Privación con propósito
Muchos
asocian la Cuaresma con la idea de «privarse de algo». Varden, quien visitó
recientemente la redacción de El Debate en
Madrid para hablar sobre su última obra Heridas
que sanan, puntualiza que el ayuno puede tener sentido solo si responde a
una intención espiritual: «Si me privo de algo porque es superfluo o me hace
daño, entonces esto tiene una real dimensión espiritual. La intención es determinante».
Además,
explica la diferencia clave entre hacer dieta y ayunar: «Cuando
hago dieta, soy el centro de atención; cuando ayuno, el objeto está
fuera de mí. Me hace salir de mí mismo e ir al encuentro del otro».
El obispo advierte contra el riesgo de convertir los sacrificios
en un triunfo del autocontrol, pues la verdadera razón de ser del ayuno
cristiano es «liberarnos del cautiverio de la voluntad personal» y mostrar
nuestras limitaciones. La intención es lo que determina la dimensión
espiritual.
Orar
para no caminar solo
La
ascesis, por tanto, debe ir acompañada de una vida de oración. Varden sugiere
recurrir al patrimonio de la Iglesia, como las oraciones
colectas de la misa diaria o la Liturgia de las Horas, para sentirse
configurado con los católicos de todo el mundo. «Rezar con la Iglesia y a
través de la Iglesia nos recuerda que la oración no es una acción solitaria.
Los católicos del mundo entero son interpelados por los mismos textos, ritos y
gestos», asevera.
Del
mismo modo, la limosna recupera
su raíz etimológica ligada a la misericordia —el eleison de la misa—, permitiendo
que la capacidad de compasión del individuo, a menudo anestesiada por el bombardeo mediático de miseria, se
«descongele» y alcance un núcleo vulnerable. Incluso en casos de adicciones, el
obispo señala que existe una «gracia especial» en este tiempo, sin olvidar el
necesario pragmatismo profesional.
Para
profundizar en esta mirada más sustancial de la Cuaresma, Varden recomienda
también sumergirse en obras literarias, cinematográficas y musicales que
acompañen la meditación: La
escala espiritual de San Juan Clímaco, Escatología del entonces profesor
Ratzinger y Christ
in Our Midst, cartas de un monje ruso del Monasterio de Valaam.

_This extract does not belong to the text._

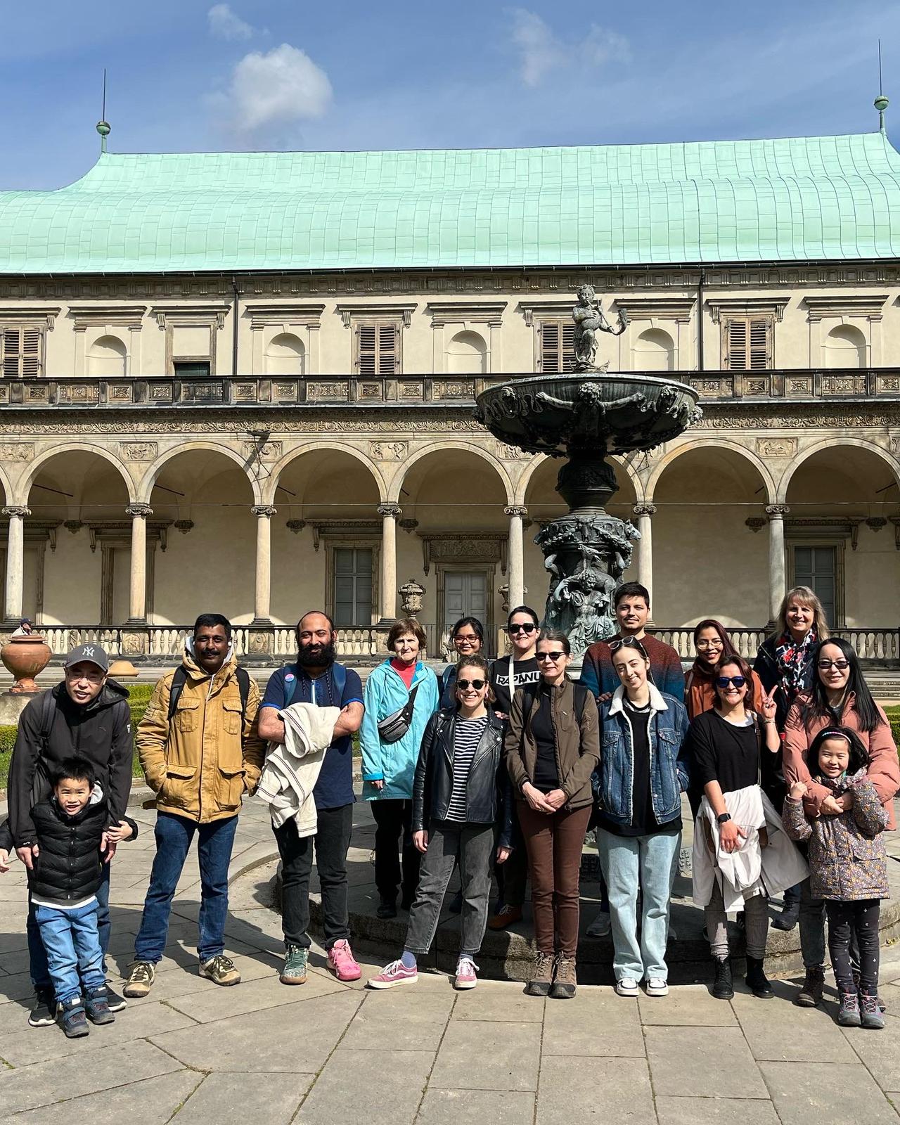 On 16th of April 2023 Welcome Centre organised a tour in Prague with the local tour guide Jiřina Posledníková. We started in the Royal Garden at the Singing Fountain at 3 pm. Our guide Ms. Posledníková started the tour with a joke that her name means “the last one” which is why she is always the last one to show up. Sadly, the joke didn’t land, because our group was joined right next instant by one of the researchers who beat her to being the last one.

En
el arte, sugiere El Evangelio según San
Mateo de Pier Paolo Pasolini y Membra Iesu Nostri de Buxtehude, obras
que acompañan la meditación a través de distintas expresiones artísticas.

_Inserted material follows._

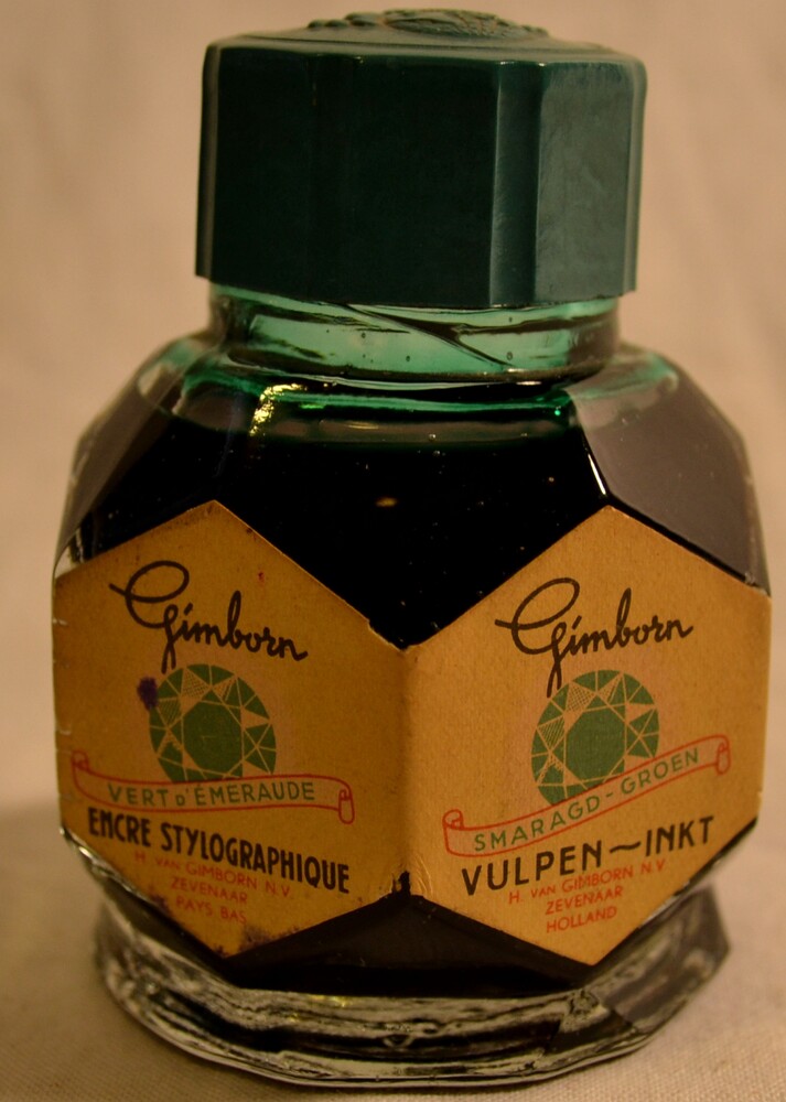 Inktpotje van glas gevuld met smaragdgroene vulpenin...

Disciplina con alegría: la clave trapense
El
camino cuaresmal no es un ejercicio de
«ombliguismo», sino una senda hacia la alegría pascual. Siguiendo la Regla de San Benito, que sostiene que
la vida del monje debería ser una «Cuaresma perpetua», entendida no como
miseria, sino como un tiempo de gozo que orienta la mirada hacia la Pascua. Los
monjes realizan gestos adicionales «en la alegría del Espíritu Santo», buscando
un equilibrio entre disciplina, amor y compromiso, siempre bajo la guía del
abad para evitar la presunción.
Al
concluir este itinerario, lo esencial es discernir si se ha producido una
verdadera expansión interior: «¿He llegado a destino? ¿He recorrido el camino
de veras? ¿En qué lugar me encuentro? ¿La proclamación pascual, la irrupción
del Aleluya, me llenan de alegría? ¿Se ha expandido un poco mi corazón, se ha
vuelto un poco más vulnerable? ¿Soy más
libre?». Incluso si la respuesta es negativa, aconseja perseverar: «Aun
habiendo tenido una Cuaresma espantosa, dame el céntuplo ahora, por tu gracia,
y permite que mi corazón se abra a la plenitud de tu promesa».